┌─ Recorded data

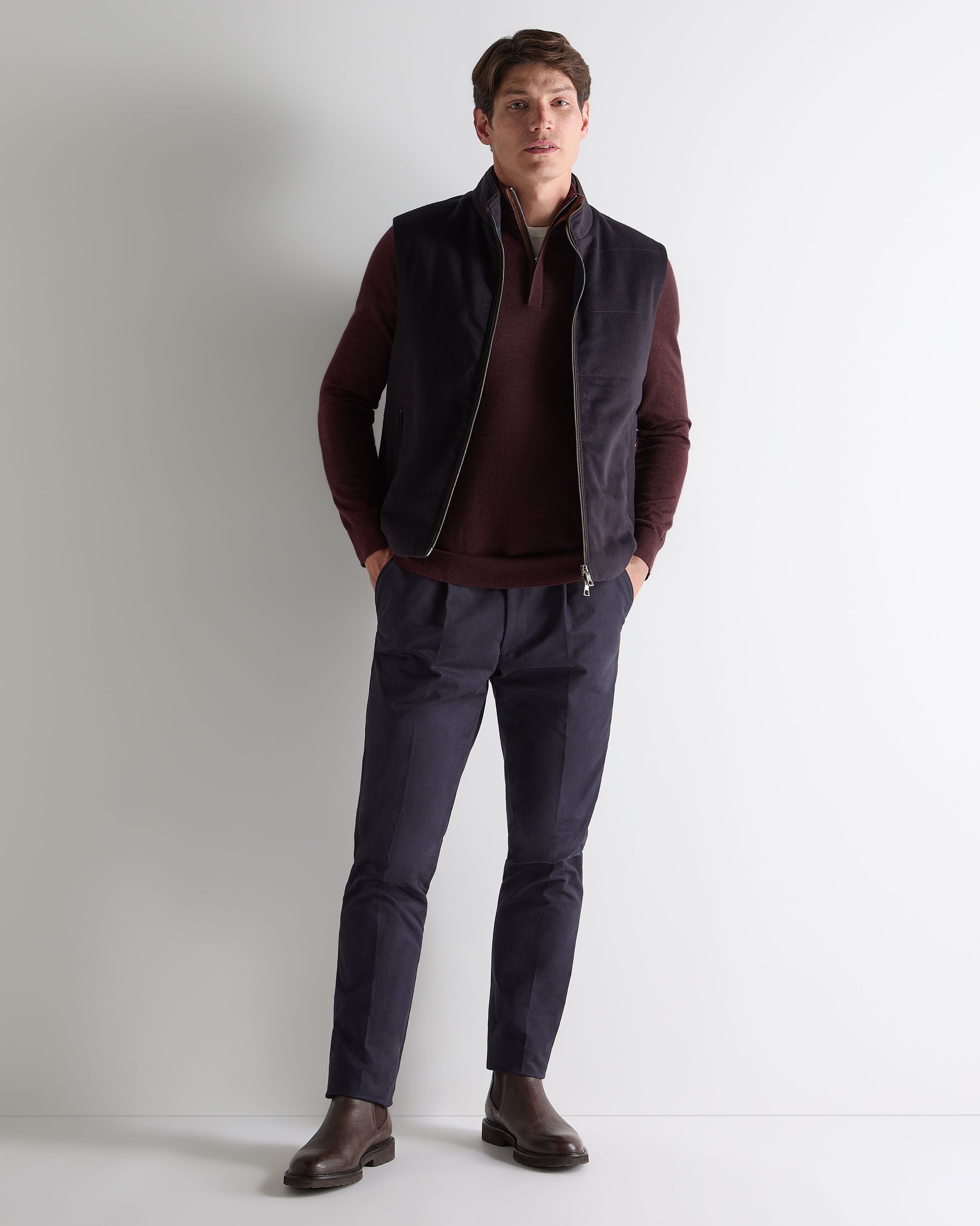 The Regent, our half zip fine gauge summer weight sweater.
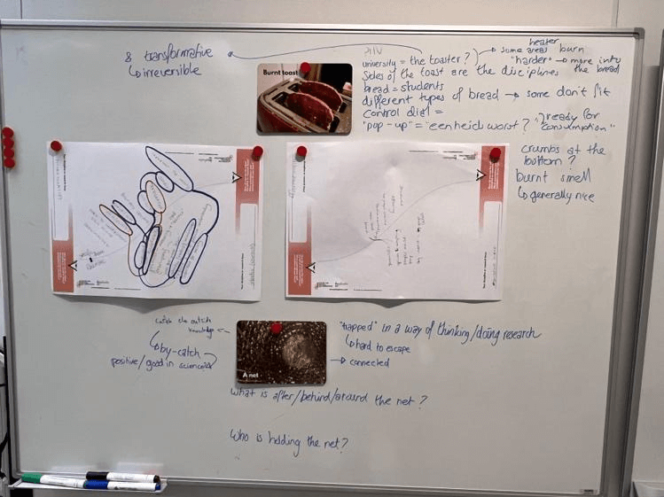 In the Playing With The Trouble context, we intend New Metaphors to be useful for both facilitating collective imagining, and surfacing worldviews. For collective imagining, this could be through creating new metaphors to imagine and reimagine topics and approaches, about new forms of collaboration or institutions (curious about this? Listen to Dan talking about this), or more specifically about a particular topic in research or education. For surfacing worldviews, the New Metaphors activity can help participants understand each other’s current imaginaries and assumptions around a topic, through exploring existing metaphors and new ones.
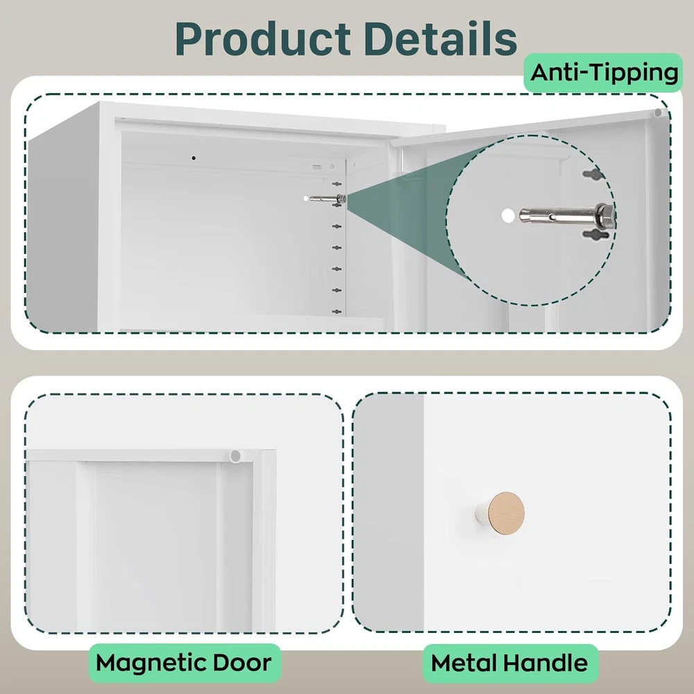 Product Description About this item Space Saving:Narrow bathroom storage cabinet Dimensions: 67"H x 15.7"W x 11.8"D. The vertically slim 15.7"W mordern storage cabinet is perfect for placement at the sink or toilet. 67"height provides plenty of vertical storage space, which not only utilizes upper space wisely but also takes up very little space, making it ideal for small areas in the bathroom or any other tight corners of the home. Multi-functional Storage:White tall bathroom cabinet has 2 closed storage cabinets and 2 open storage space and a drawer for a total of 7 tiers of storage, total weight capacity 1000 lbs.Optimal compartmentalization of cosmetics, cleaning supplies or kitchen pantry items. The pantry cabinet's 4 adjustable shelves allow you to customize the storage space to fit your storage needs, storing everything from tall bottles to towels. Separate closed drawer store toothbrushes and other cleaning items to keep it clean and sanitary. Unique Magnetic Door Design:With gold handles bathroom organizers and storage cabinet with built-in magnetic design of the door, not only can keep the item of the cabinet hygienic and neat, to isolate the air pollution; but also can keep the door closed at all times to protect privacy. The bathroom storage unit is ideal for shared bathrooms or homes with children/pets. Sturdy Material:Narrow storage bathroom cabinet are made of sturdy cold rolled steel construction with reinforced steel frames that not only securely hold heavy items, but also provide great stability and safety during use. Kitchen cabinet powder coated exterior is very easy to clean. Without smell metal storage cabinet is suitable for most homes to use with confidence. Easy Assembly & Customer Service:The narrow free standing storage cabinets is very easy to assemble, with all the parts in the package clearly numbered, easy to follow instructions, and an assembly video. Once assembled, you can easily organize everything in the space for a seamless transition from the bathroom to the kitchen, laundry room or entryway.We offer friendly customer service, if you have any questions, we will give you a satisfactory answer within 24 hours. Maximize your bathroom, kitchen, or laundry room with slim white metal cabinet.Features 4 adjustable shelves & drawer for customizable organization.Magnetic door secures items discreetly,while gold handles add elegance.Space-saving narrow design holds essentials vertically,perfect for tight corners. Bathroom narrow cabinet organization for every need.Top Cabinet: Secure private items out of sight.Open Shelf: Quick access to daily essentials like towels.Drawer Storage: Hide hygiene products neatly.Bottom Cabinet: Store spare supplies effortlessly. Tidy Hidden Storage : Narrow storage cabinet deep drawer keeps small items. No more cluttered counters. Flexible Space, Your Way : Adjust shelves to fit shampoo bottles or cleaning sprays. Custom layouts adapt as your needs change! Anti-Tipping Kit : Secure to walls on tall bathroom units. Strong Magnetic Door : Closes softly yet firmly. Premium Metal Handles : Gold finish adds refined style. Bathroom Storage Cabinet – Designed for Convenience
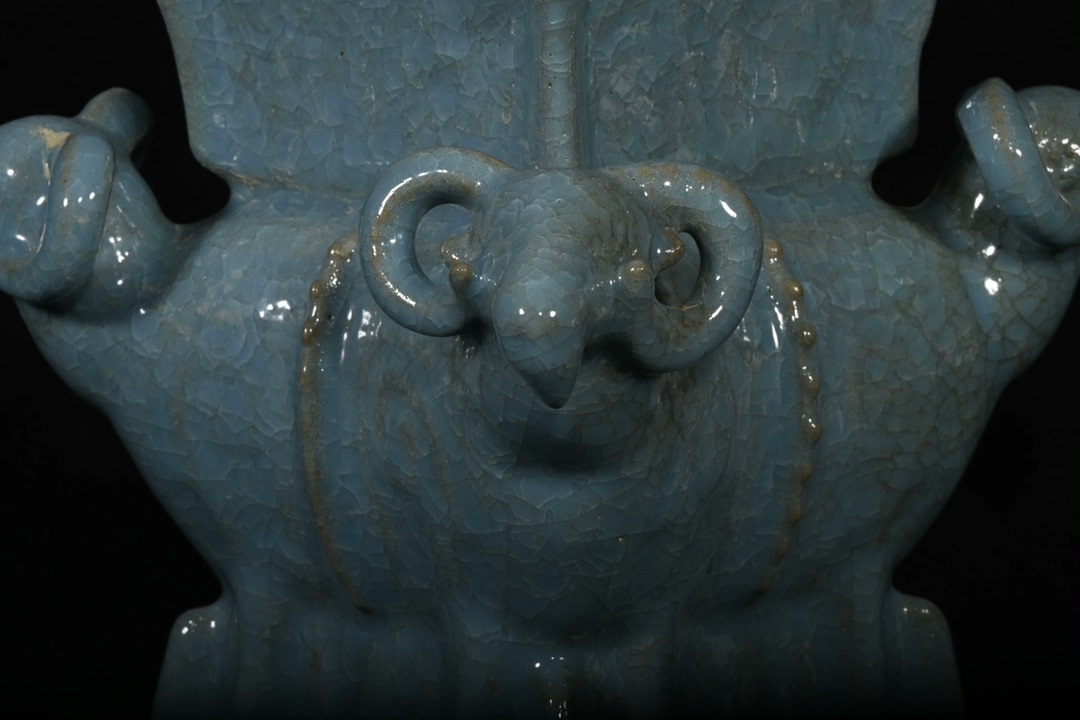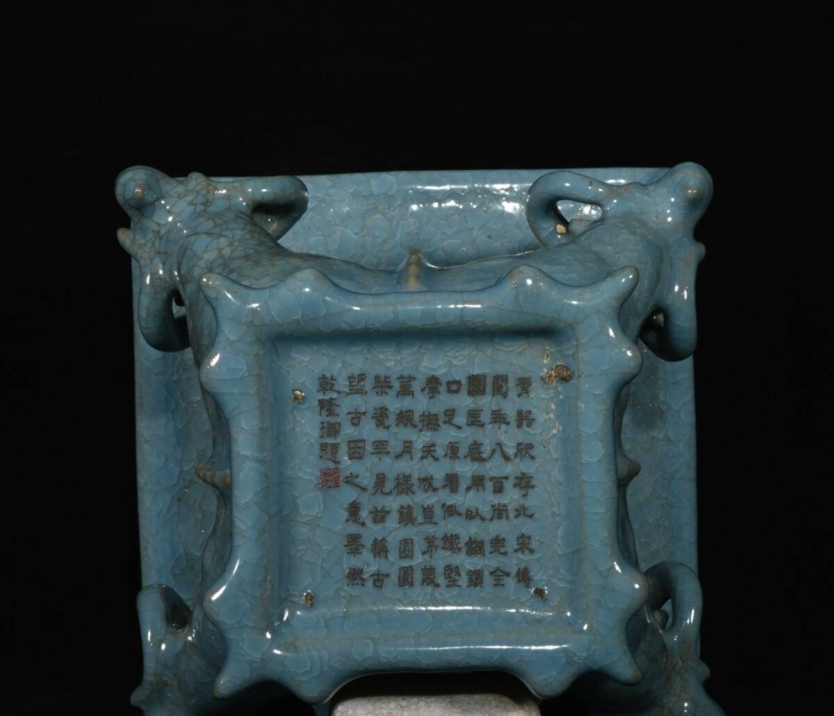 ☀ 宋時代 官窯 冰片紋 乾隆禦題紋 刻故宮編號 四羊方尊 ―對 ・古陶磁器 ・珍品旧蔵・古賞物・時代物 ☀

└─

What the task requires
Write out all the material above exactly, with no image carried over.

Solution for this exercise
 The Regent, our half zip fine gauge summer weight sweater.
 In the Playing With The Trouble context, we intend New Metaphors to be useful for both facilitating collective imagining, and surfacing worldviews. For collective imagining, this could be through creating new metaphors to imagine and reimagine topics and approaches, about new forms of collaboration or institutions (curious about this? Listen to Dan talking about this), or more specifically about a particular topic in research or education. For surfacing worldviews, the New Metaphors activity can help participants understand each other’s current imaginaries and assumptions around a topic, through exploring existing metaphors and new ones.
 Product Description About this item Space Saving:Narrow bathroom storage cabinet Dimensions: 67"H x 15.7"W x 11.8"D. The vertically slim 15.7"W mordern storage cabinet is perfect for placement at the sink or toilet. 67"height provides plenty of vertical storage space, which not only utilizes upper space wisely but also takes up very little space, making it ideal for small areas in the bathroom or any other tight corners of the home. Multi-functional Storage:White tall bathroom cabinet has 2 closed storage cabinets and 2 open storage space and a drawer for a total of 7 tiers of storage, total weight capacity 1000 lbs.Optimal compartmentalization of cosmetics, cleaning supplies or kitchen pantry items. The pantry cabinet's 4 adjustable shelves allow you to customize the storage space to fit your storage needs, storing everything from tall bottles to towels. Separate closed drawer store toothbrushes and other cleaning items to keep it clean and sanitary. Unique Magnetic Door Design:With gold handles bathroom organizers and storage cabinet with built-in magnetic design of the door, not only can keep the item of the cabinet hygienic and neat, to isolate the air pollution; but also can keep the door closed at all times to protect privacy. The bathroom storage unit is ideal for shared bathrooms or homes with children/pets. Sturdy Material:Narrow storage bathroom cabinet are made of sturdy cold rolled steel construction with reinforced steel frames that not only securely hold heavy items, but also provide great stability and safety during use. Kitchen cabinet powder coated exterior is very easy to clean. Without smell metal storage cabinet is suitable for most homes to use with confidence. Easy Assembly & Customer Service:The narrow free standing storage cabinets is very easy to assemble, with all the parts in the package clearly numbered, easy to follow instructions, and an assembly video. Once assembled, you can easily organize everything in the space for a seamless transition from the bathroom to the kitchen, laundry room or entryway.We offer friendly customer service, if you have any questions, we will give you a satisfactory answer within 24 hours. Maximize your bathroom, kitchen, or laundry room with slim white metal cabinet.Features 4 adjustable shelves & drawer for customizable organization.Magnetic door secures items discreetly,while gold handles add elegance.Space-saving narrow design holds essentials vertically,perfect for tight corners. Bathroom narrow cabinet organization for every need.Top Cabinet: Secure private items out of sight.Open Shelf: Quick access to daily essentials like towels.Drawer Storage: Hide hygiene products neatly.Bottom Cabinet: Store spare supplies effortlessly. Tidy Hidden Storage : Narrow storage cabinet deep drawer keeps small items. No more cluttered counters. Flexible Space, Your Way : Adjust shelves to fit shampoo bottles or cleaning sprays. Custom layouts adapt as your needs change! Anti-Tipping Kit : Secure to walls on tall bathroom units. Strong Magnetic Door : Closes softly yet firmly. Premium Metal Handles : Gold finish adds refined style. Bathroom Storage Cabinet – Designed for Convenience
 ☀ 宋時代 官窯 冰片紋 乾隆禦題紋 刻故宮編號 四羊方尊 ―對 ・古陶磁器 ・珍品旧蔵・古賞物・時代物 ☀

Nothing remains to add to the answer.